Background / Motivation

cleanup_old_versions today behaves as a black box: callers hand in a policy
and either get a RemovalStats back or, on failure, a partially mutated
dataset with no record of which files were inspected, kept, or deleted.

That opacity becomes painful in three scenarios we hit in production:

  1. Operational dry-run. Operators want to know exactly which files an
    upcoming cleanup will remove (and how many bytes that frees) before
    actually running it, especially on tables with 100k+ fragments where a
    mistaken policy could remove tens of GB.
  2. Auditing and reproducibility. When a cleanup is triggered automatically
    (commit hooks, schedulers), there is no artifact we can inspect afterwards
    to answer "why did this file go away?". The tracing audit log helps, but
    only if you were already capturing it.
  3. Two-phase execution. Some deployments want to plan on one node and
    execute on another (or in a maintenance window), which the current API
    does not support at all.

This PR splits cleanup into an explicit plan and execute pair, while
keeping the existing cleanup_old_versions entry point byte-for-byte
compatible.

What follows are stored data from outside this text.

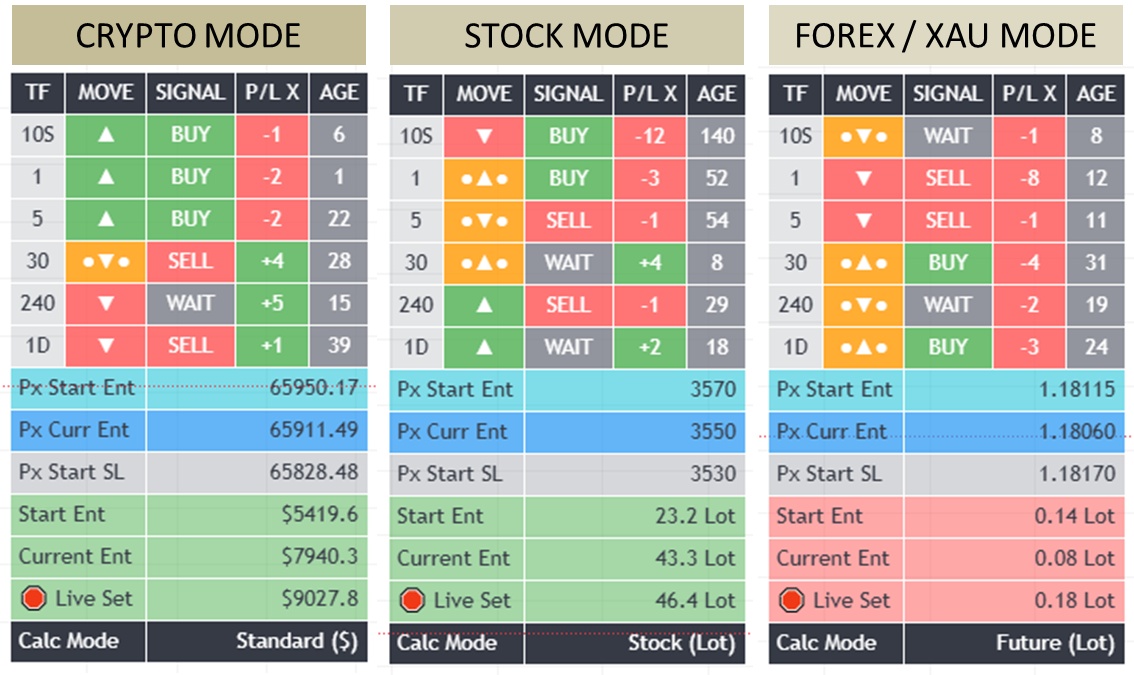 - 📊 Live P/L Tracker: Tahu persis sinyal di timeframe mana yang sedang berjalan profit atau loss, serta rekam jejak (streak) pergerakan harga dari sinyal terakhir, memudahkan pemilihan timeframe yg harus diikuti.
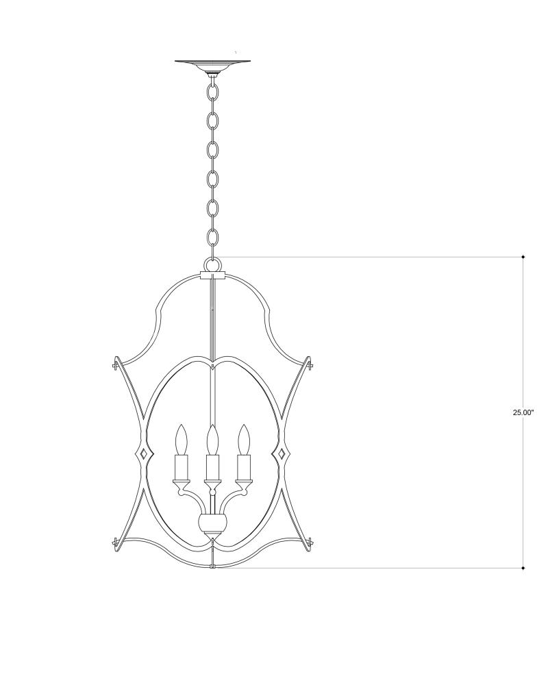 The Charisma Small Lantern has a lithesome shape in a lovely French black finish. Where the arcing ovals meet, tiny diamond shapes bring added charm to the black lantern that will invite classic Italian flair into interiors. Adjustable from 30" to 99" with use of included chain/rod kit/cable. If your space calls for a longer drop, additional chain/rods/cable is available for purchase.
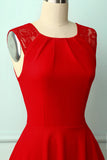Look like a doll with this beautiful red homecoming dress! With a lace illusion neckline and a scrunched neck that ends up with a cinched waist, this lovely dress enhances and gives off the illusion of a bigger bust to create a curvy, hourglass like silhouette and the a-line, flowing, circle skirt end up just above the knees to showcase your beautiful legs and to allow you as much movement as possible so you can dance for the entire night!

The plan is a serializable description of every file the cleanup
intends to delete, the reason it qualifies, and the dataset snapshot it was
built from.

What's in this PR

  • New public APIs:
    • plan_cleanup(&Dataset, CleanupPolicy) -> CleanupPlan
    • cleanup_with_plan(&Dataset, CleanupPlan) -> RemovalStats
  • CleanupPlan / CleanupFile / CleanupFileKind / CleanupFileReason /
    CleanupPlanStats / CleanupReferencedBranch data types.
  • Internal refactor of CleanupTask into three explicit execution paths
    (cleanup_old_versions / cleanup_with_plan / commit hooks), each with
    its own trust model documented in-source.
  • cleanup_with_plan validates: dataset URI, base path, that every planned
    path stays under the dataset base, and that the plan's read_version
    still matches the storage-resolved latest version. A residual TOCTOU
    window between the version check and the deletes is documented in the
    rustdoc; callers running concurrent writers must serialize externally.
  • Plan creation resolves the latest version from storage rather than from
    the in-memory dataset handle, so plans built from a stale handle are
    still safe.
  • Listing-consistency guard: planning fails if list_manifest_locations
    did not return the storage-resolved latest version (defends against
    eventual-consistency or racing list output).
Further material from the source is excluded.